However, I was not able to reproduce this error on our local servers...

chhzh123 commented 4 years ago

I think the default FIFO depth should be set as the size of the array, which can guarantee the correctness of an unoptimized dataflow program.

hecmay commented 4 years ago

I think the default FIFO depth should be set as the size of the array, which can guarantee the correctness of an unoptimized dataflow program.

Yeah. That's a good suggestion. I can change that. Thanks!

zhangzhiru commented 3 years ago

I think the default FIFO depth should be set as the size of the array, which can guarantee the correctness of an unoptimized dataflow program.

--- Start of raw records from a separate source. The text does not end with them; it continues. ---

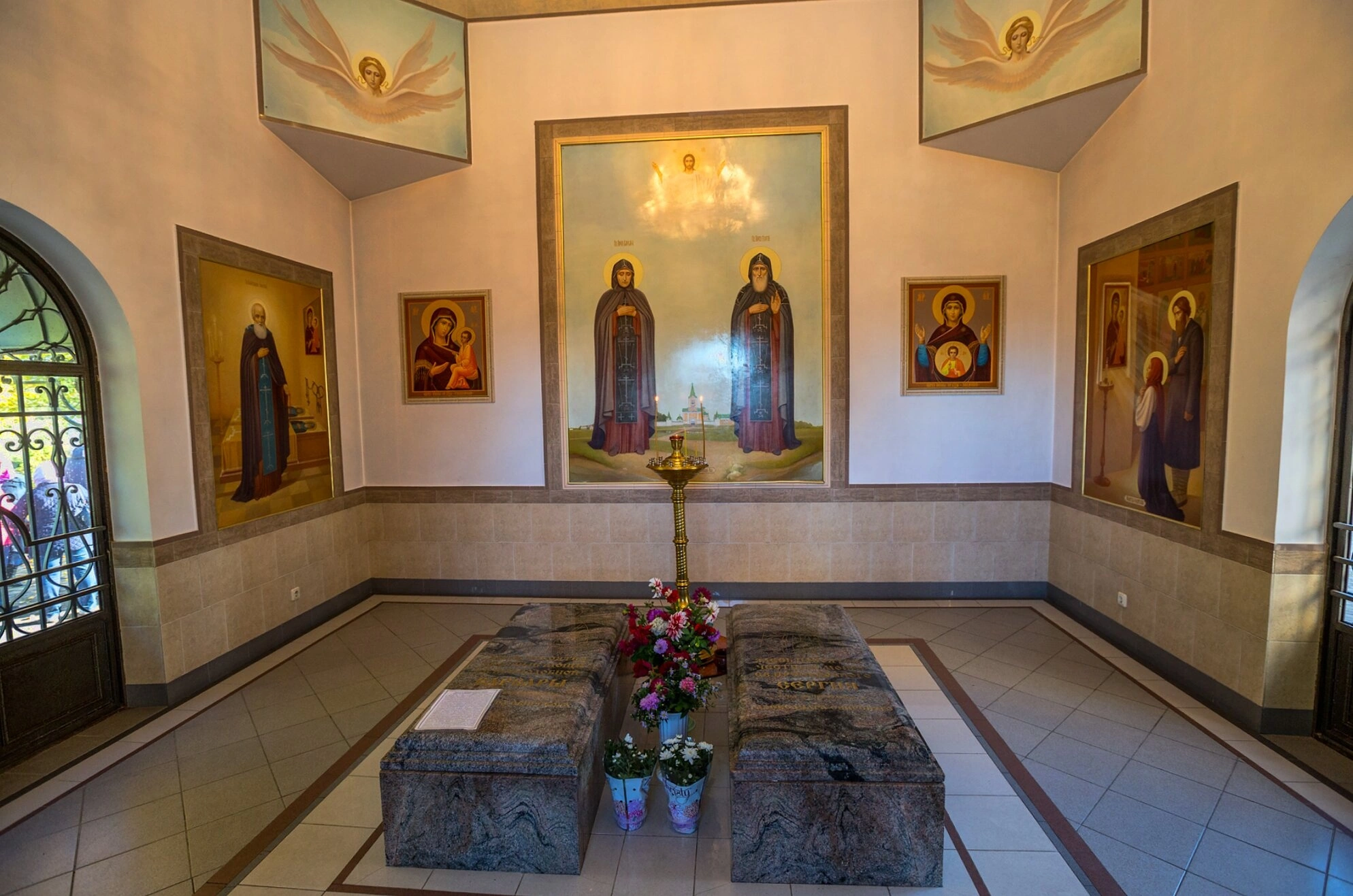 Архитектура самой усыпальницы вызывает благоговение. Сводчатые потолки украшены фресковыми росписями с изображениями ангельских сил, а оконные и дверные проёмы выполнены в виде арок, что придаёт пространству особую сакральность и устремлённость к горнему миру. Общая атмосфера этого места пронизана глубоким молитвенным духом и благодатью, что делает его одним из важнейших центров паломничества в северо-западном регионе России. Сюда приезжают верующие, чтобы почтить память святых родителей и испросить их молитвенного предстательства пред Господом о укреплении семьи и воспитании детей в вере и благочестии.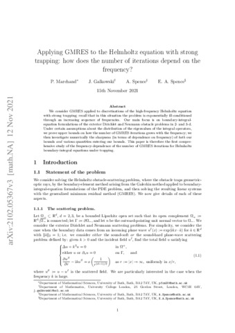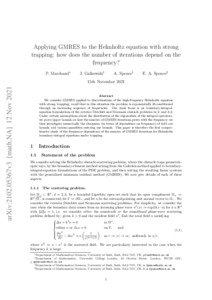 | Title: | Applying GMRES to the Helmholtz equation with strong trapping: how does the number of iterations depend on the frequency? |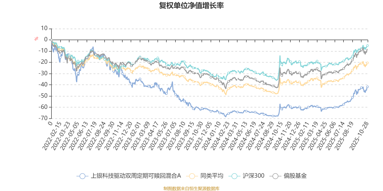 截至10月28日,上银科技驱动双周定期可赎回混合A近三个月复权单位净值增长率为29.23%,位于同类可比基金84/689;近半年复权单位净值增长率为50.34%,位于同类可比基金78/688;近一年复权单位净值增长率为44.37%,位于同类可比基金114/653;近三年复权单位净值增长率为-14.43%,位于同类可比基金325/364。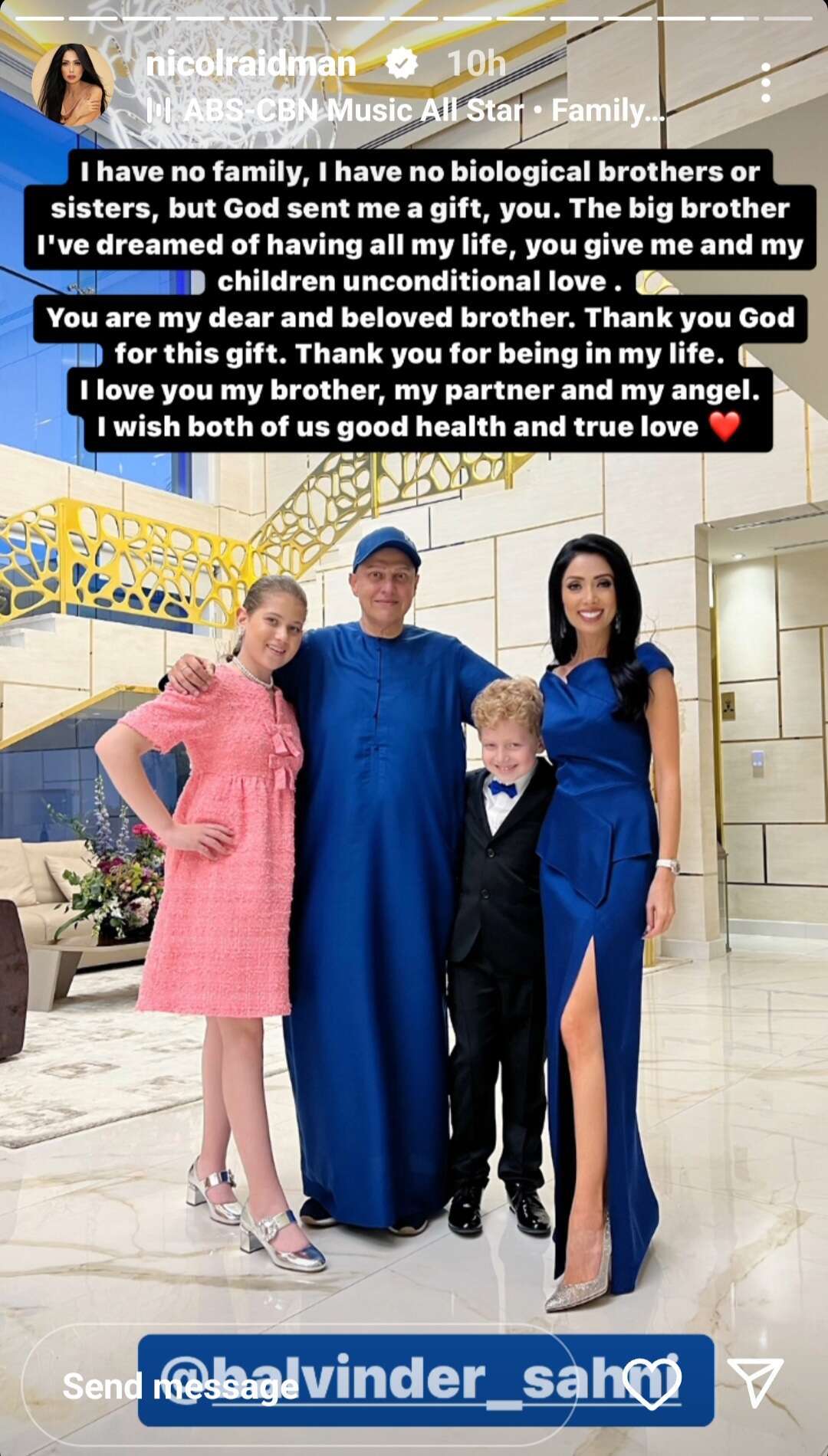 "אין לי משפחה. אין לי אחים או אחיות ביולוגיים, אבל אלוהים שלח לי אותך כמתנה", פתחה ראידמן את הברכה שהקדישה לשותף העסקי שלה על גבי תמונה של השניים כשהם לבושים בצבעים תואמים, לצד ילדיה מישל וריצ'י. "האח הגדול שחלמתי שיהיה לי כל חיי", הוסיפה ראידמן הנרגשת בסטורי, כשבסרטונים שקדמו לו אף שיתפה את מיליוני עוקביה במתנה שהעניק לה סהאני, רכב יוקרתי של רולס רויס בצבע ירוק, עם תקרה שמוארת בכוכבים. מדובר בצבע ייחודי, ולכן זהו הרכב היחיד מסוגו בעולם.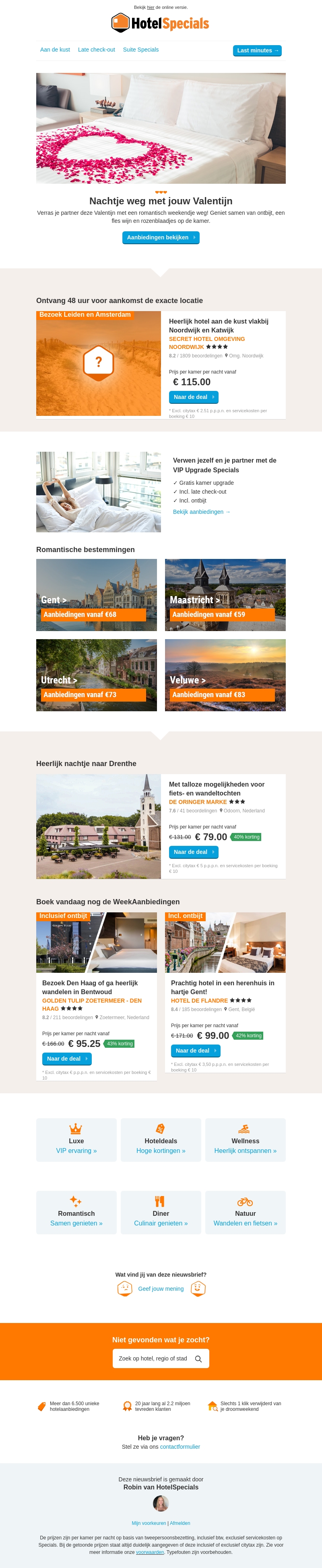 Verras je partner dit Valentijnsweekend met een overnachting in een luxe hotel! Geniet van exclusieve deals inclusief ontbijt en een fles wijn op de kamer. Kies uit bestemmingen zoals Utrecht, Gent, en meer. Ontvang een gratis upgrade dankzij onze VIP Upgrade Specials. Boek nu en bespaar met weekaanbiedingen!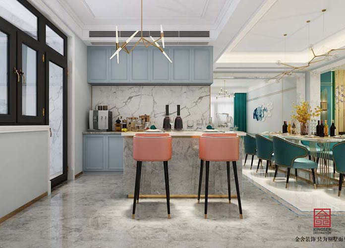 設計說明:此案例為石家莊金舍裝飾-林蔭大院260平米輕奢風格裝修效果圖。設計之美不應全倚仗修飾,而應該醉在靈魂。金屬的高貴冷感,更易與小物件和小細節(jié)催生出默契,精致的輕奢氣質點睛而出。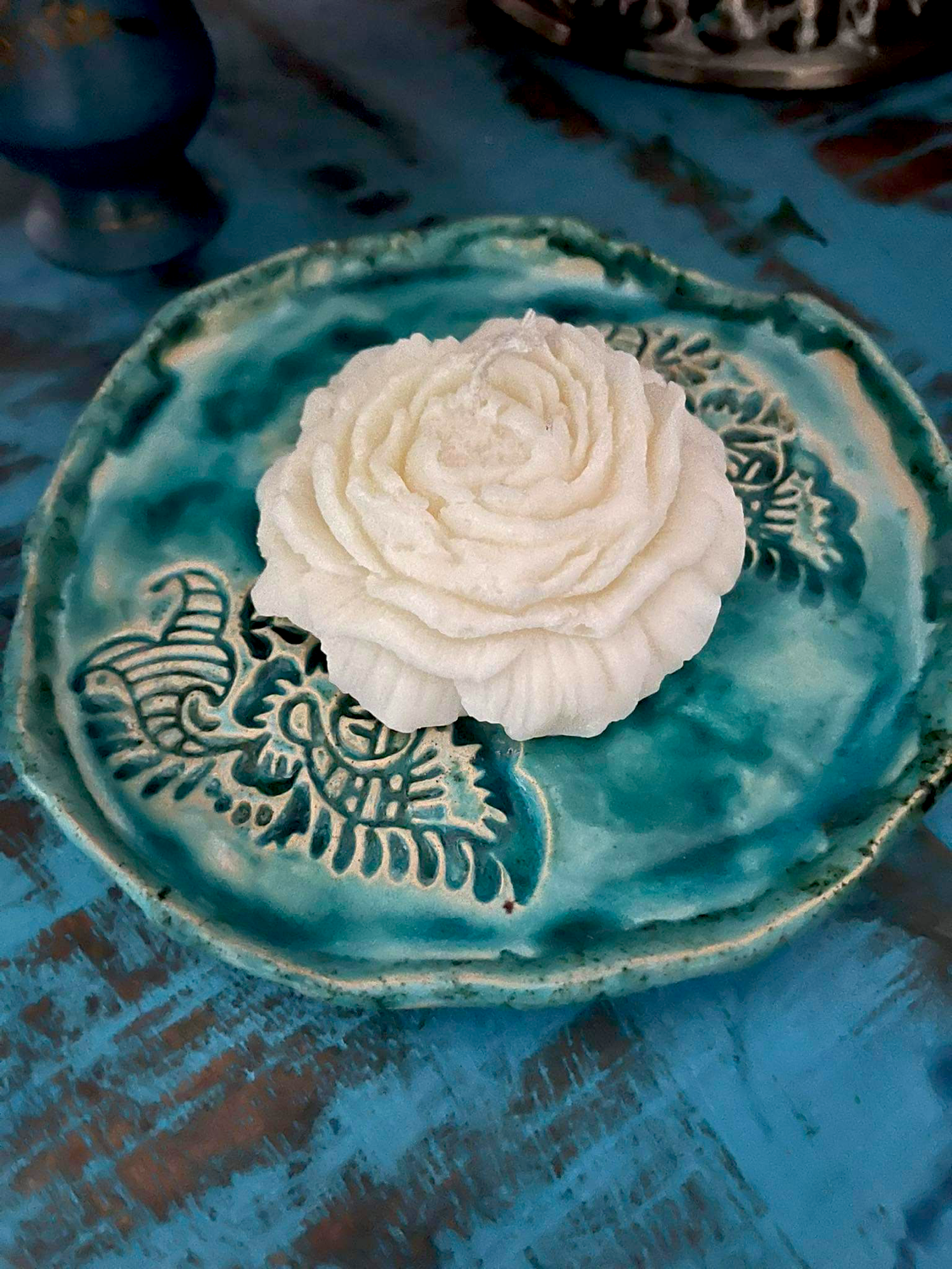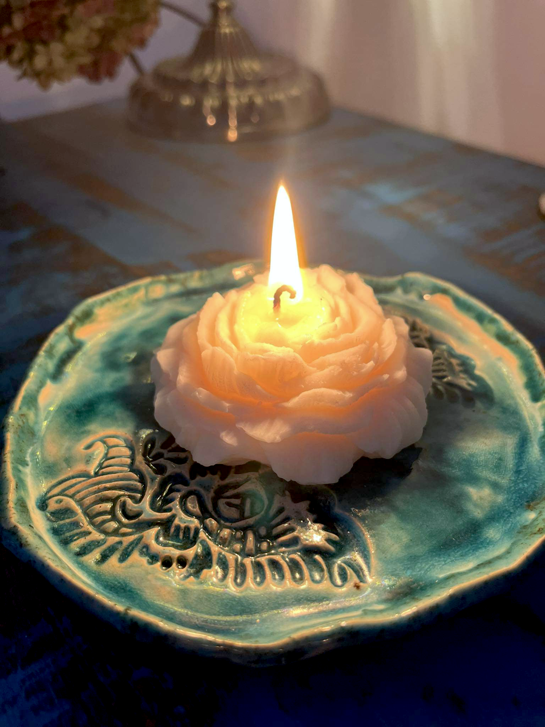 Świeca wolnostojąca, wykonana własnoręcznie z wosku sojowego.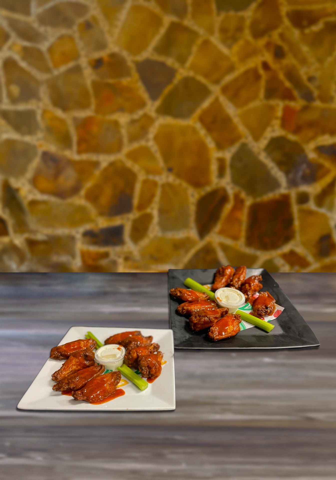 Choose between: PLAIN | HOT | HABANERO Includes celery, carrots, and 6 wings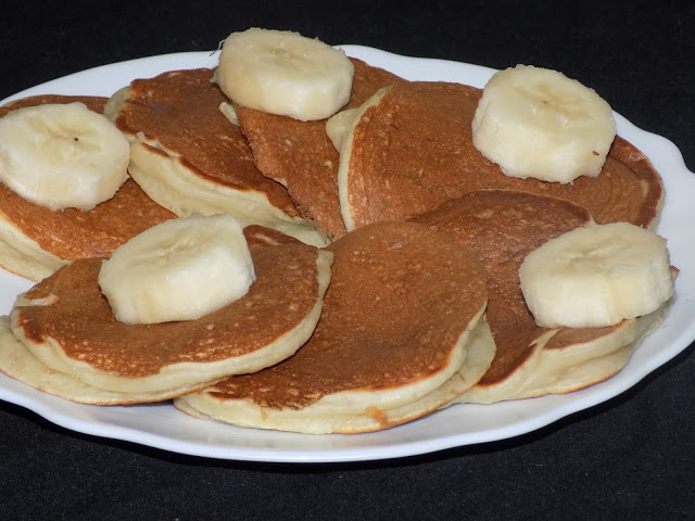 2 szklanki mąki1 szklanka mleka2 duże dojrzałe banany2 jajka1,5 łyżeczki proszku do pieczenia2 łyżki olejuszczypta soli
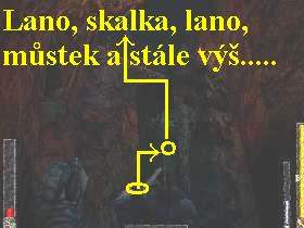 soutěskou jděte stále vpřed, v místnosti naskočte na řetěz a vyplhejte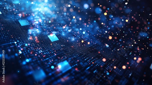 © adha, Obraz premium Abstract digital network background with glowing particles and data streams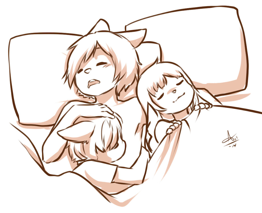 The loving father Rex snuggling his two new boys Allen and Vex~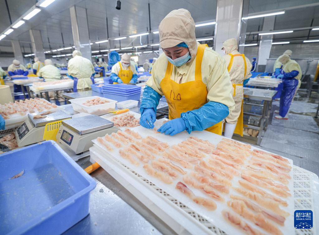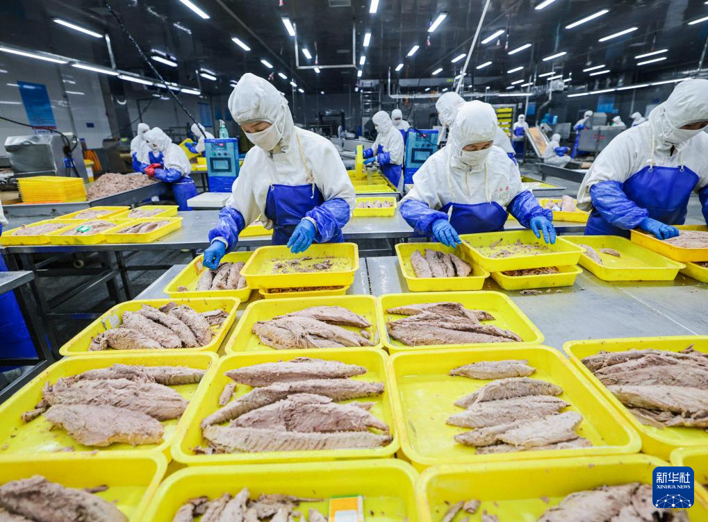 11月10日,山東省榮成市俚島鎮(zhèn)一家水產品加工企業(yè)的工人在加工鱈魚制品。新華社發(fā)(李信君 攝)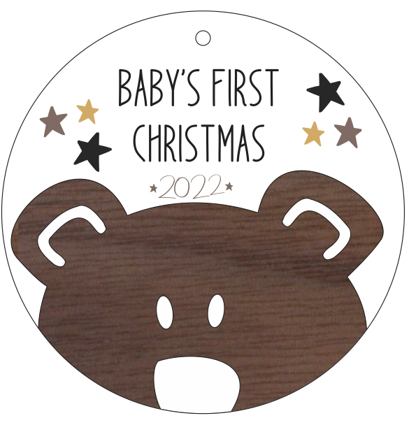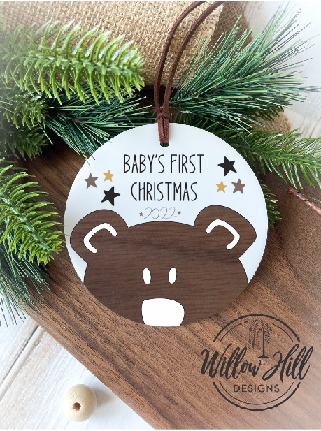 These ornaments are cut from 1/8" white acrylic and printed with permanent ink. Finished with brown or black suede string.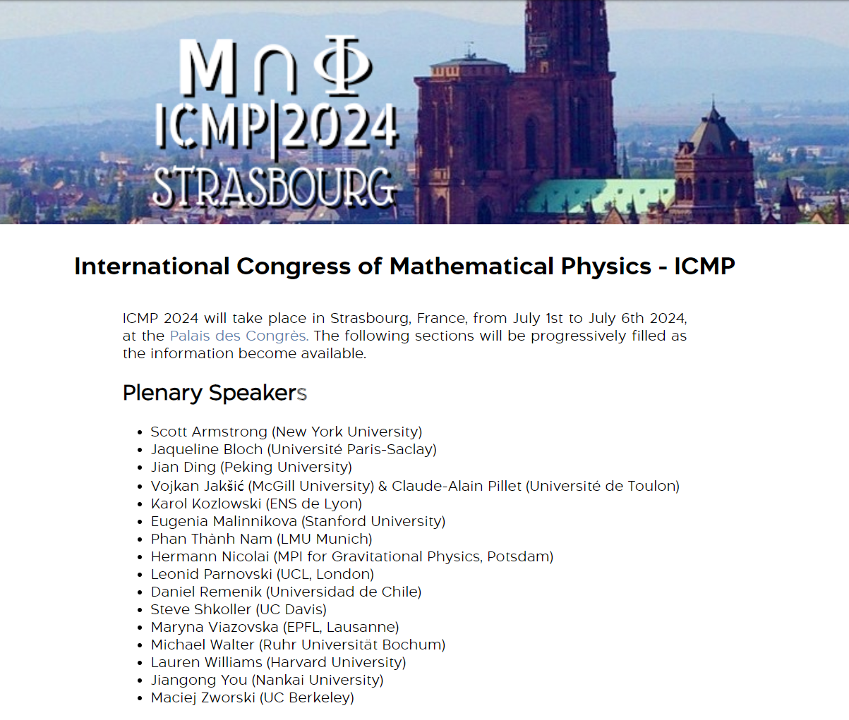 国际数学物理大会(International Congress of Mathematical Physics简称ICMP)1972年首次在莫斯科举办,1988年以来ICMP每3年举办一次,是国际数学物理联盟(International Association of Mathematical Physics)主办的最重要的数学物理领域的国际会议。2024年度国际数学物理大会(ICMP2024)将在法国城市斯特拉斯堡召开,往届大会报告人包括了菲尔兹奖、诺贝尔奖得主等许多著名数学家和物理学家。详见//icmp2024.org和//iamp.org

What's an unoptimized dataflow program? One that is not actually pipelined? This conservative solution is fine for small tensors. But in general, the area overhead is huge.

chhzh123 commented 3 years ago

I think the default FIFO depth should be set as the size of the array, which can guarantee the correctness of an unoptimized dataflow program.

What's an unoptimized dataflow program? One that is not actually pipelined? This conservative solution is fine for small tensors. But in general, the area overhead is huge.

The program that has not been optimized for area. I mean if users do not specify the FIFO depth, then our default depth should be set large enough. If the user knows what he does, then he can set a smaller depth to consume less area.

hecmay commented 3 years ago

I tried to run the KMeans (optimized) design on AWS. It turned out the design synthesized by Vitis HLS has a bit worse performance than Vivado HLS (default HLS tool in Vitis 2019.02). I think I need to fall back to Vitis 2019 on AWS and try again.

seanlatias commented 3 years ago

@Hecmay #259 is merged.

hecmay commented 3 years ago

@whbldhwj JIe. Please see the latest example here: https://github.com/Hecmay/heterocl/blob/fix/tests/test_schedule_systolic.py#L6-L31

The data type has been updated -- we do not have those nested casting any more for AutoSA module. And we also have the header and main body section for the imported IP.

hecmay commented 3 years ago

Moved to #316